The Sunderland was a pure flying boat, and if it had to be brought on shore special beaching wheels had to be fitted. Usually the Sunderlands were moored to a buoy. For this purpose, the front gun turret was rolled back and a chain was ran out. An anchor was on board, too. Daily maintenance was performed while the aircraft was moored. Supplies, fuel and ammunition were brought by boats, and some care was required to avoid damaging the hull. It was not uncommon for crews to live in their Sunderland between flights. If the aircraft was moored two men were required to be on board during the night, and during gales a pilot had to be on board because the engines were used to turn the aircraft in the wind. Of course the bilges had to be pumped out regularly, and for this both a manual pump and a pump driven by an Auxiliary Power Unit were installed.

The Sunderland Mk.I was powered by four Bristol Pegasus XXII air-cooled radial engines of 1010hp. The fuel for these engines was held in ten self-sealing fuel tanks in the wings, for a total of 2552 gallons (11600 liters).
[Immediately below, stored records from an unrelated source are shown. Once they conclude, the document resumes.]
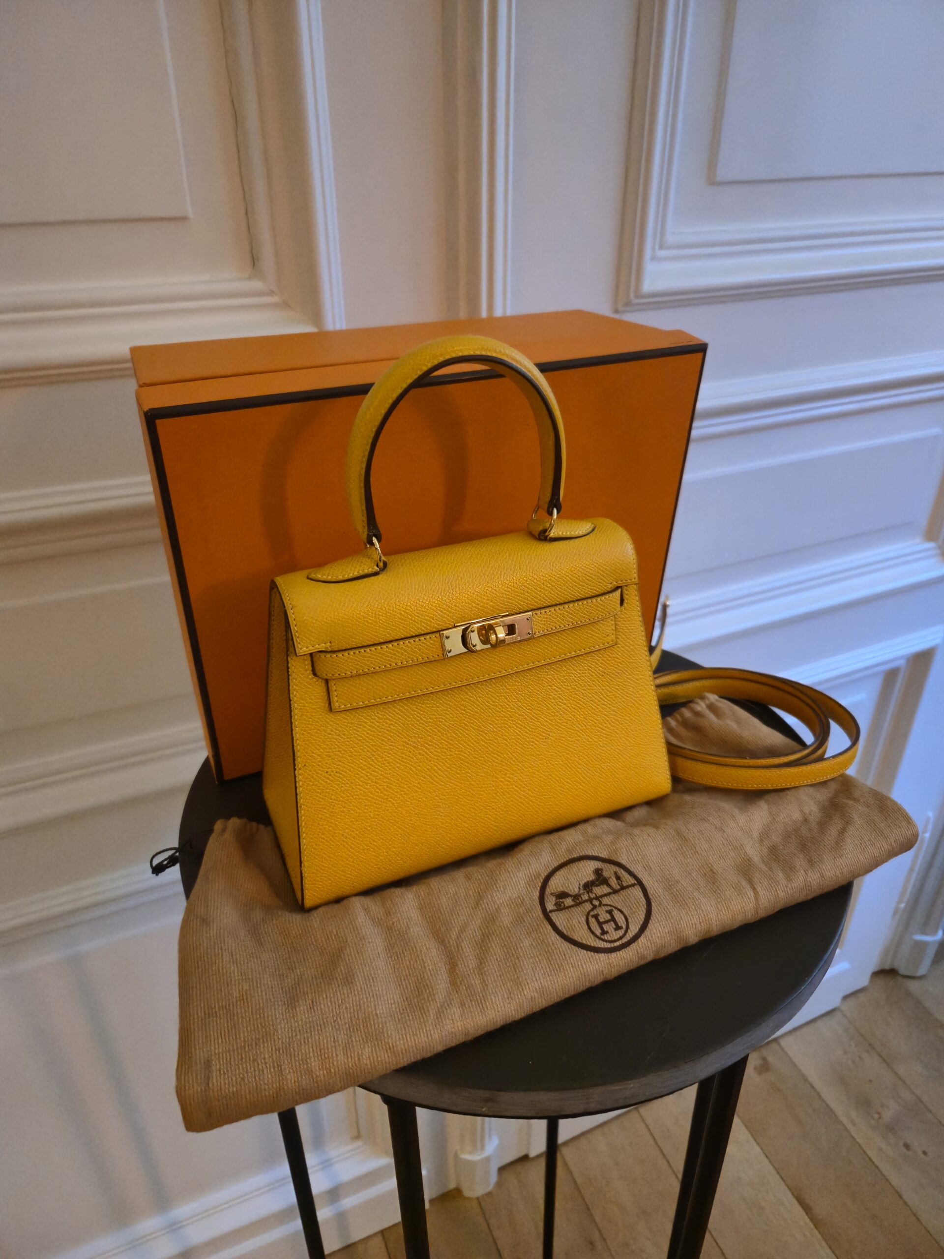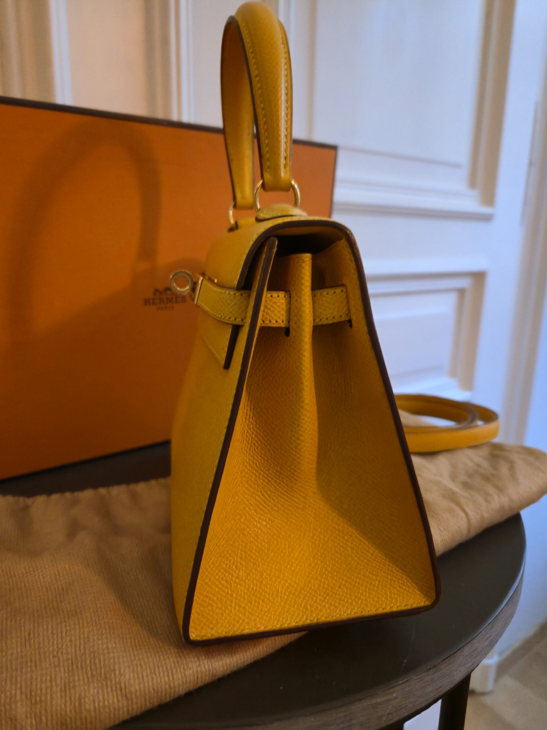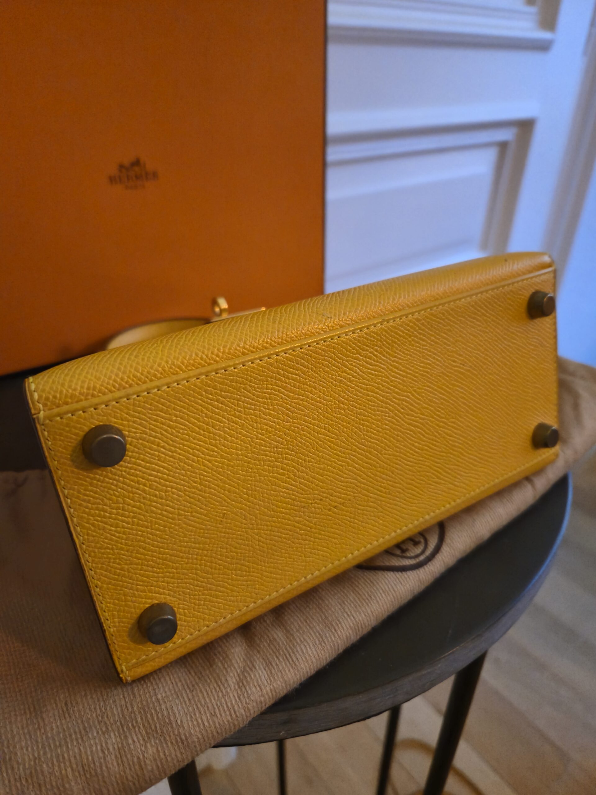 Verkauft wird hier eine atemberaubende Hermès Mini Kelly Vintage aus dem Jahre 1992 in gelb.
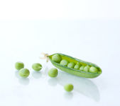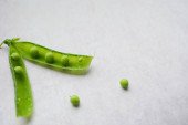 świeży zielony groszek w pod
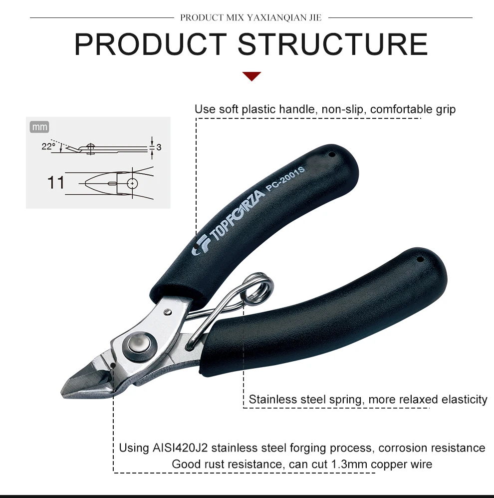 TOPFORZA, Сделано в Тайване, резцы для срезания проволоки, маленькие плоскогубцы для скручивания, диагональные плоскогубцы для резки сбоку, мини электронные ножницы, Микро ножницы, внутренние Пружинные точные клещи, инструмент для изготовления ювелирных изделий
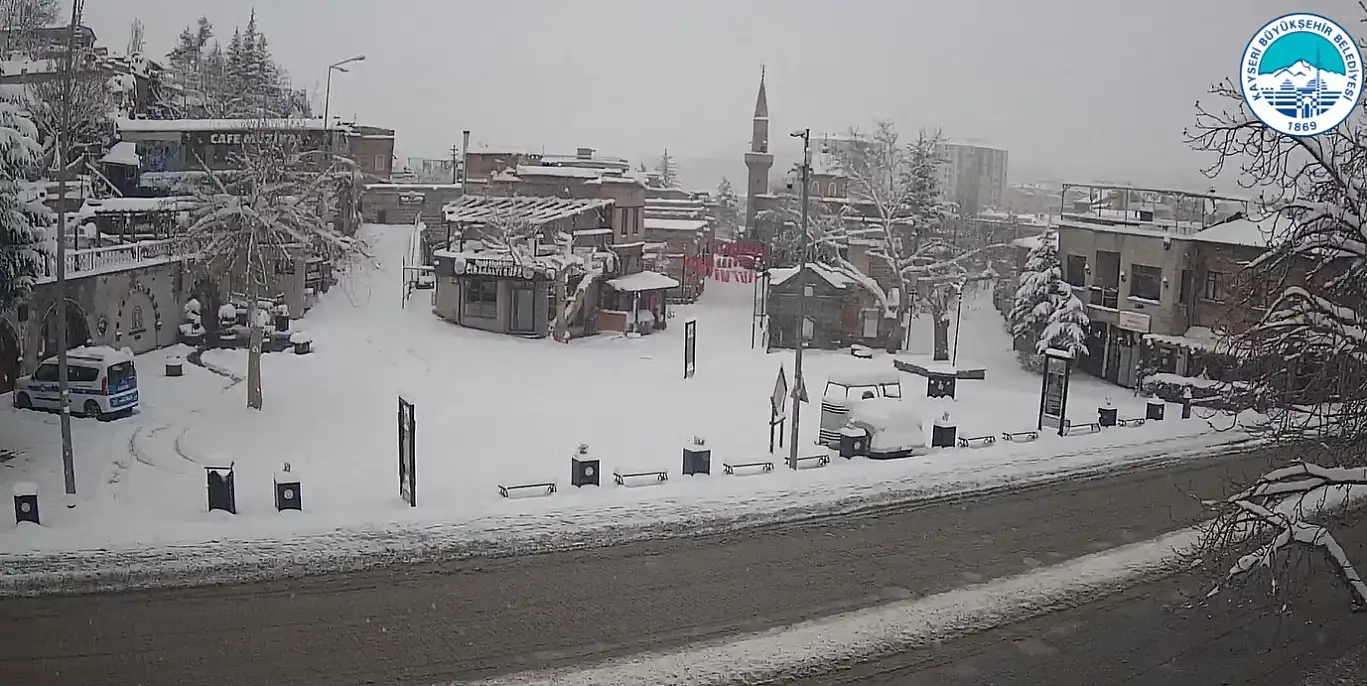 Kayseri yeniden beyaz örtüye büründü: İşte şehir kameralarına yansıyan görüntüler!

In addition to the guns in the nose and tail turret, the Mk.I had two guns in hatches on the upper aft fuselage. The Mk.II had slightly more powerful Pegasus XVIII engines with constant-speed airscrews, and late in its production run a dorsal gun turret was introduced, replacing the hatches. The Mk.II also carried ASV Mk.II radar . The Pegasus engines and the dorsal turret were retained by the Mk.III, which also had a more streamlined hull with a faired step. This reduced drag, but could cause porpoising during take-off and landing. The Mk.IV was redesigned for operations in the Pacific; it was later renamed Seaford. Only six Seafords were built before the project was cancelled.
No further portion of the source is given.